The decision to sell the land, which totals 36 acres, was made Aug. 30 at a meeting of the state's Franchise Oversight Board, which has wide authority over NYRA finances. NYRA gave up its ownership claims for Belmont, Aqueduct Racetrack, and Saratoga Race Course in a 2008 deal that extended its exclusive franchise to operate racing at the facilities.
The oversight board, working with the Cuomo administration's economic development agency, will release during the week of Sept. 2 a request for proposals for parties interested in developing the sites, according to a spokesman for the governor's budget division. Robert Megna, the governor's budget director, is chairman of the Franchise Oversight Board.
Both parcels, the administration said, are parking areas that remain unused throughout the year except on Belmont Stakes (gr. I) day.
The first parcel, which is eight acres, sits in an area next to railroad tracks; its potential uses can include lodging, resort, and spa facilities, or "any use complementary to horse racing,'" officials said. The second parcel, which is 28 acres in size, may be developed into retail, lodging, professional office space, or institutional or educational use.

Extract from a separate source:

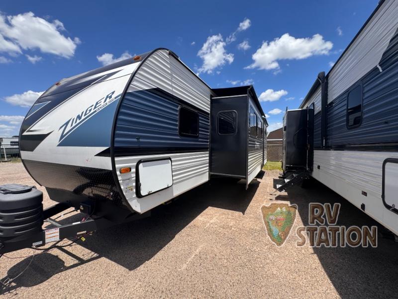 Discover the ultimate in family-friendly travel with the 2025 CrossRoads RV Zinger 328SB Travel Trailer. This spacious and versatile RV is designed to accommodate your entire crew, comfortably sleeping up to 11 people. With two convenient slide-outs, the Zinger 328SB offers ample living space, making it perfect for extended road trips or weekend getaways. Measuring 30 feet in length, this travel trailer provides a perfect balance of maneuverability and roominess, ensuring you can explore a wide range of destinations without compromising on comfort.

The administration said there can be no residential development or video lottery terminal facility on either of the two sites. The possible uses were established in a ground lease agreement in 2008 between the state and NYRA.
A NYRA spokesman declined comment on the possible land deal.
A resolution approved by the Franchise Oversight Board said the state wants to "explore opportunities" to develop the parcels in a competitive process, thereby holding out the possibility the land would not be developed.